Removing the Gfi1 protein from acute lymphoblastic leukemia (ALL) cells weakened and destroyed the cells in mice, researchers discovered. This action should make leukemia more susceptible to chemotherapy and radiation therapy.
As they reported in Cancer Cell (2013;23:200-214), H. Leighton Grimes, PhD, of Cincinnati Children’s Hospital Medical Center in Cincinnati, Ohio, and colleagues found that leukemic cells depend on growth factor independence 1, or Gfi1, for survival.
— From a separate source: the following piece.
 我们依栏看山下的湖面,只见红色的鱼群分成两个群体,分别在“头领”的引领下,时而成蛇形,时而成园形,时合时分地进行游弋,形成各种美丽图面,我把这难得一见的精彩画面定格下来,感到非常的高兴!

ALL relies on Gfi1 to escape the tumor-suppressing capabilities of another protein, p53. p53 normally initiates DNA repair that involves apoptosis, or programmed cell death, of cancer cells, but Gfi1 restricts p53 activity.
When Grimes and fellow researchers removed Gfi1 in lymphoid tumors in mice, the leukemia regressed through p53-induced apoptosis. The investigators then removed Gfi1 from human T-cell ALL cells implanted into mice. Gfi1 inhibition again stopped the progression of leukemia in the mice, without any harmful effects.
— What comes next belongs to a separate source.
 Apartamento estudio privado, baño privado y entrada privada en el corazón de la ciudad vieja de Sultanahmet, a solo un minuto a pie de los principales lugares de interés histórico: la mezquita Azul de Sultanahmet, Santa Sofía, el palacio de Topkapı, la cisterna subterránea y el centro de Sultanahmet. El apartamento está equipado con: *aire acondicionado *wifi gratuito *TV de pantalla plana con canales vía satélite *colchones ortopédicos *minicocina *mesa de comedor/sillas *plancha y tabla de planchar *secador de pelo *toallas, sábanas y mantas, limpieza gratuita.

“Chemo and radiation therapies are very nonspecific and can be toxic to patients,” pointed out Grimes in a statement issued by Cincinnati Children’s Hospital Medical Center. “Our findings suggest that combining the inhibition of Gfi1 with these treatments may allow the use of lower cytotoxic doses and directly benefit patients.”
The investigators will continue their research to determine whether these results will translate to human patients.